Description of the task: Your output should be the lines below from the one holding "Da es sich bei" through the one holding "Purple Three Pieces", transcribed exactly, with no pictures.

##### Information shown #####

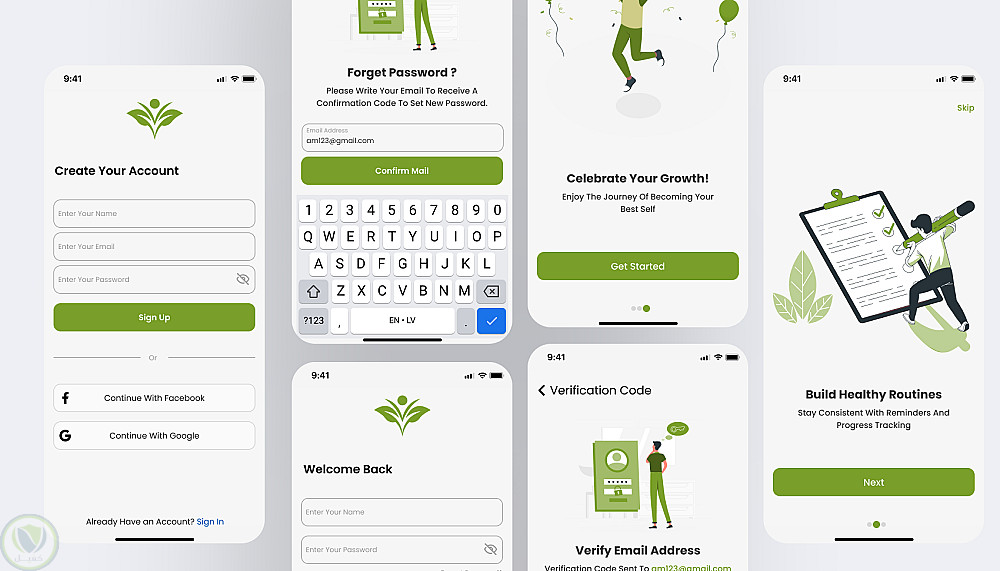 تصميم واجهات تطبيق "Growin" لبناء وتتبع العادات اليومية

#####
##### Information shown #####

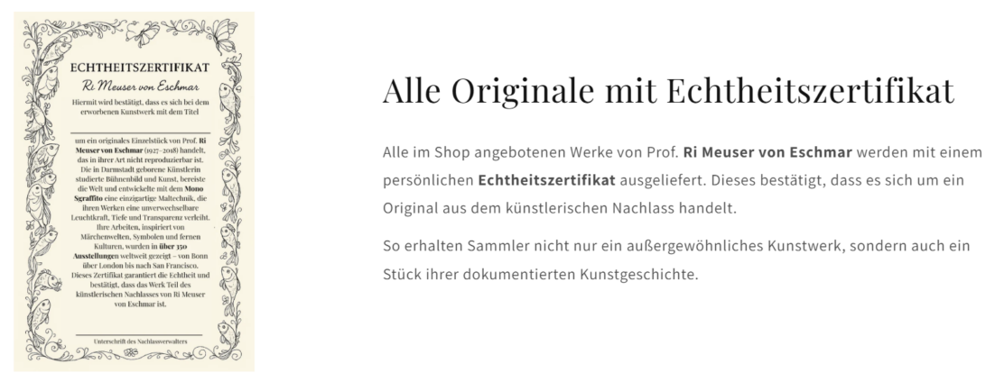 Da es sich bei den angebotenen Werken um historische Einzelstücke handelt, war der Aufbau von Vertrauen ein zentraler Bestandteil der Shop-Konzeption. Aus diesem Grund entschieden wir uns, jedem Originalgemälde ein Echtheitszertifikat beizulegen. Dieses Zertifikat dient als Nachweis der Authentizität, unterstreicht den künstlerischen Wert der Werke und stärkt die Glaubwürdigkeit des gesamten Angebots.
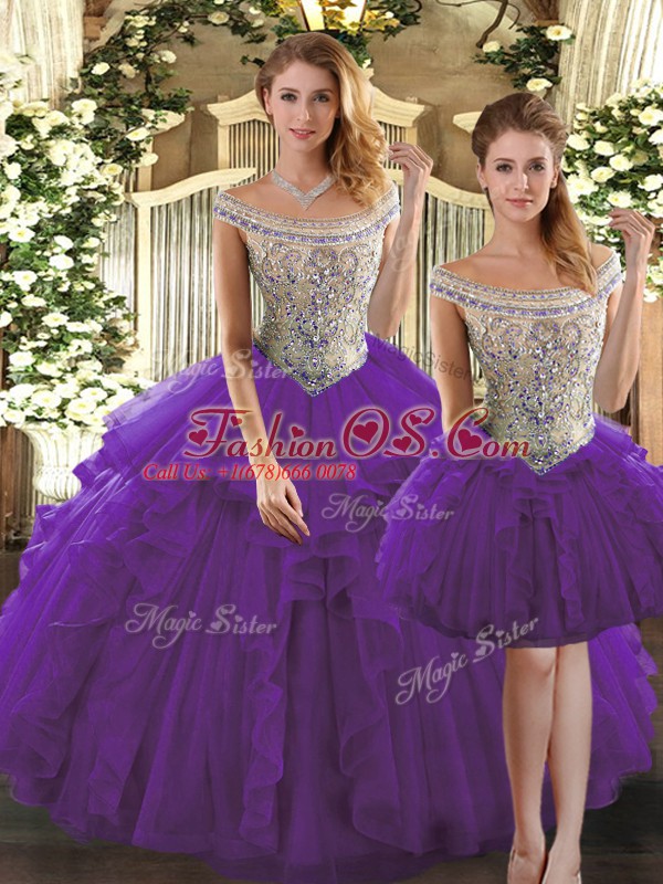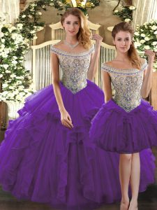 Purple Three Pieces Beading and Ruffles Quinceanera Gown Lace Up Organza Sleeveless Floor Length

#####

The completed task:
 Da es sich bei den angebotenen Werken um historische Einzelstücke handelt, war der Aufbau von Vertrauen ein zentraler Bestandteil der Shop-Konzeption. Aus diesem Grund entschieden wir uns, jedem Originalgemälde ein Echtheitszertifikat beizulegen. Dieses Zertifikat dient als Nachweis der Authentizität, unterstreicht den künstlerischen Wert der Werke und stärkt die Glaubwürdigkeit des gesamten Angebots.
 Purple Three Pieces Beading and Ruffles Quinceanera Gown Lace Up Organza Sleeveless Floor Length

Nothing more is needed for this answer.